The EU and the US moved to freeze an estimated $300 billion in assets belonging to the Russian Central Bank, most of which are held by the Brussels-based clearinghouse Euroclear, in February 2022.
On Monday, the European Council ordered all depositors holding €1 million ($1.08 million) or more in Russian Central Bank assets to keep separate accounts of “extraordinary cash balances accumulating due to EU restrictive measures” and prohibited them from disposing of any interest or profits from the frozen assets.
“This decision paves the way for the Council to decide on a possible establishment of a financial contribution to the EU budget raised on these net profits to support Ukraine and its recovery and reconstruction at a later stage,” the Council said in a statement.
Moscow has protested the US and EU sanctions as illegal, adding that any attempt to outright seize the Russian funds would be declared theft and receive a response in kind. Russian bankers have also warned that such a step would destroy the confidence of the rest of the world in the rule of law in the West and trigger a run on European and US banks because they would no longer be considered safe.
While the US has been the most outspoken advocate of confiscating the frozen funds to send to Ukraine, the EU stands to lose the most from Moscow’s potential retaliation against such a step. Euroclear alone accounts for €196.6 billion ($211 billion) in frozen Russian assets, and it has accrued nearly €4.4 billion in interest over the past year.

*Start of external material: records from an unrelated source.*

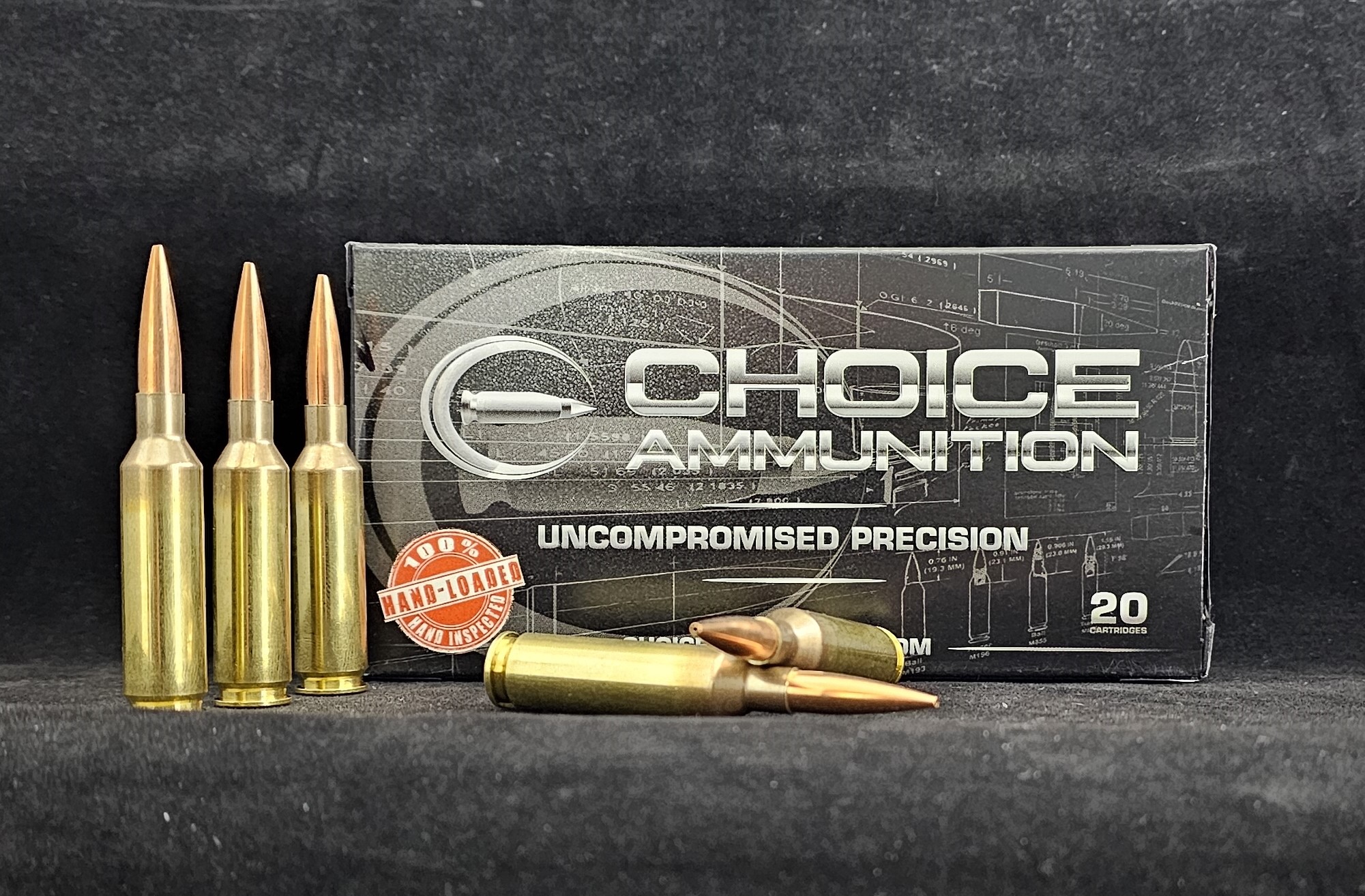 Choice Ammunition has taken our 100% hand-loading techniques and produce an extremely accurate, highly dependable round for the 243 WSSM in this load. Our loading tolerances are only matched by passionate hand-loaders in their own loading rooms. Consistent seating depths, powder charges and proprietary formulas of Choice Ammunition, make this 87 grain Soft Point round the best you can buy on the commercial market today.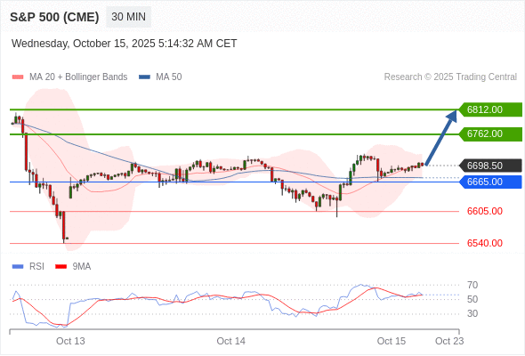 在 6665.00 之上,看涨,目标价位为 6762.00 ,然后为 6812.00 。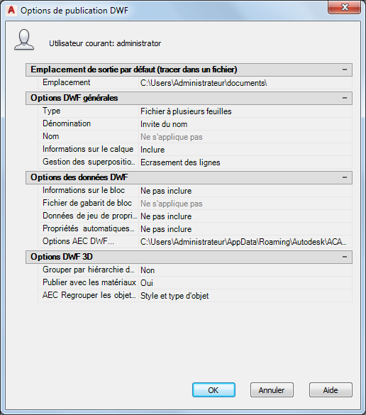 Lorsque vous créez un fichier DWF ou DWFx depuis la boîte de dialogue Publier, vous pouvez créer des fichiers DWF ou DWFx 2D ou 3D. Vous pouvez également créer plusieurs fichiers DWF ou DWFx pour des feuilles individuelles du dessin. Si vous exportez des données de jeux de propriétés, celles-ci s'afficheront dans chaque fichier DWF ou DWFx.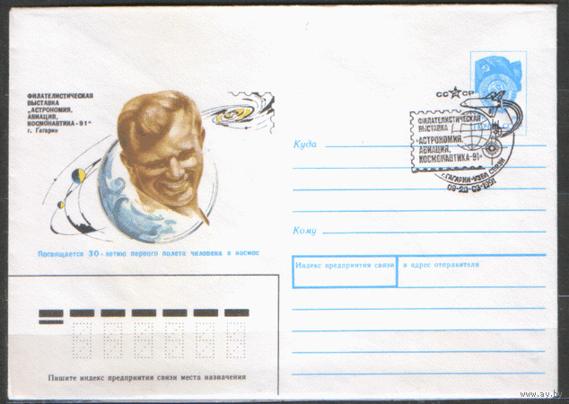 СПГ на ХМ конверте. 1991. Фил. выставка: астрономия, авиация, космонавтика.

The EU’s “invention of openly fraudulent schemes for the seizure of income from Russian assets is dictated by the need to create the illusion of legitimacy over attacks on our property and thereby camouflage what is in fact an outright theft”, the Russian Foreign Ministry announced over the weekend, responding to reports that Brussels would move to seize the interest.
Some EU members have likewise been skeptical of the confiscation proposal.